* **Given records**:
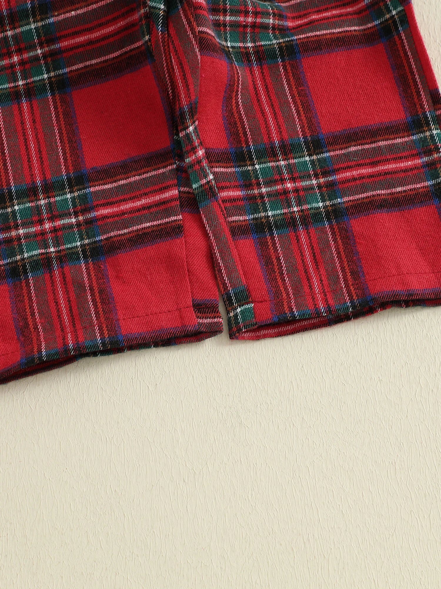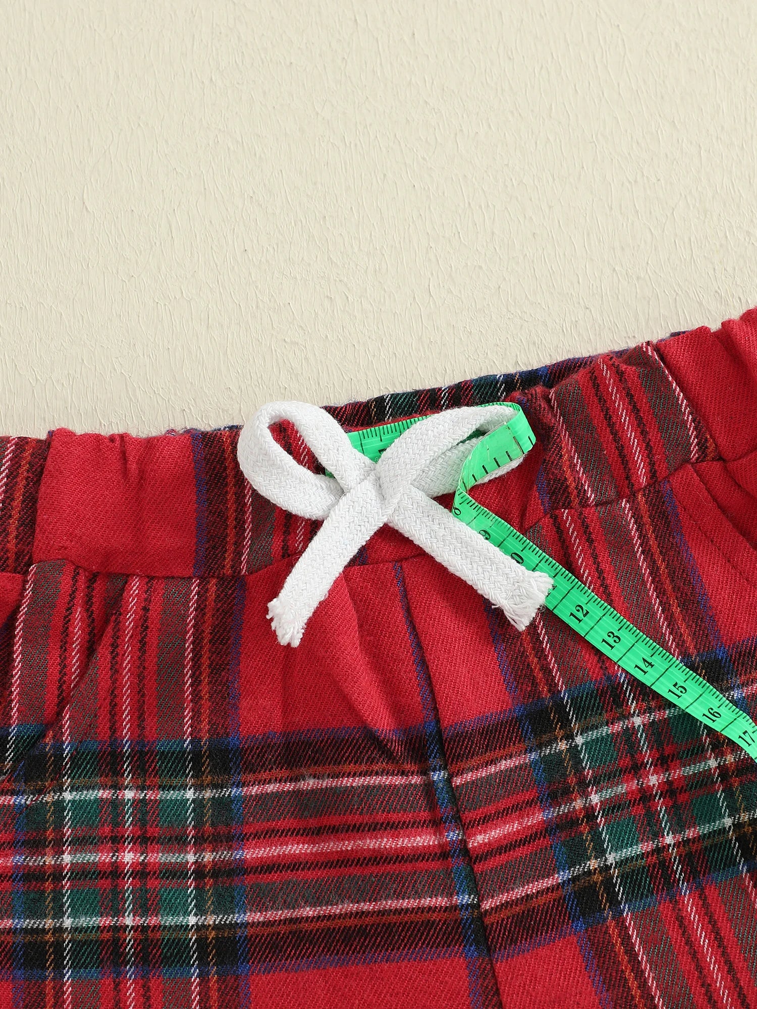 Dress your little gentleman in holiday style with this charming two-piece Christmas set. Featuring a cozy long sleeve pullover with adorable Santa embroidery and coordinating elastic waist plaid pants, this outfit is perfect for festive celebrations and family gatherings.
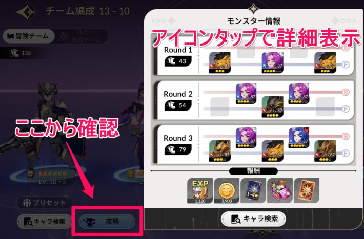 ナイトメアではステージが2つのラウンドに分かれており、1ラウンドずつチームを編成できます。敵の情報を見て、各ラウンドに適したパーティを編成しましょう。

--

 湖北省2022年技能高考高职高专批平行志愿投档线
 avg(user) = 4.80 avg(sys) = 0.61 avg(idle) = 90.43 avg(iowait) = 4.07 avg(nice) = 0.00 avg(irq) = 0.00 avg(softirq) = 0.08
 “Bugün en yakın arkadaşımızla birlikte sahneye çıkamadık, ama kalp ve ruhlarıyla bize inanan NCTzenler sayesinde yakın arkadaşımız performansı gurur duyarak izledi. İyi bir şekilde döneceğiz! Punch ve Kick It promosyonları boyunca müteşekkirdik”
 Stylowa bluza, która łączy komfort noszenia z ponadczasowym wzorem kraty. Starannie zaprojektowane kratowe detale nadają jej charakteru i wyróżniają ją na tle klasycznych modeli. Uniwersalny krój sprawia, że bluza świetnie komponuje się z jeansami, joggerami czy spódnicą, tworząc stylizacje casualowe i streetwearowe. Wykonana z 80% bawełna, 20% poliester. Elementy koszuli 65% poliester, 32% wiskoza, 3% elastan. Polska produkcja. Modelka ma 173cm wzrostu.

* **About this task**: Transcribe the records above from the line holding "湖北省2022年技能高考高职高专批平行志愿投档线" down to the line holding "en yakın arkadaşımızla", inclusive, without adding anything.

* **Result below**:
 湖北省2022年技能高考高职高专批平行志愿投档线
 avg(user) = 4.80 avg(sys) = 0.61 avg(idle) = 90.43 avg(iowait) = 4.07 avg(nice) = 0.00 avg(irq) = 0.00 avg(softirq) = 0.08
 “Bugün en yakın arkadaşımızla birlikte sahneye çıkamadık, ama kalp ve ruhlarıyla bize inanan NCTzenler sayesinde yakın arkadaşımız performansı gurur duyarak izledi. İyi bir şekilde döneceğiz! Punch ve Kick It promosyonları boyunca müteşekkirdik”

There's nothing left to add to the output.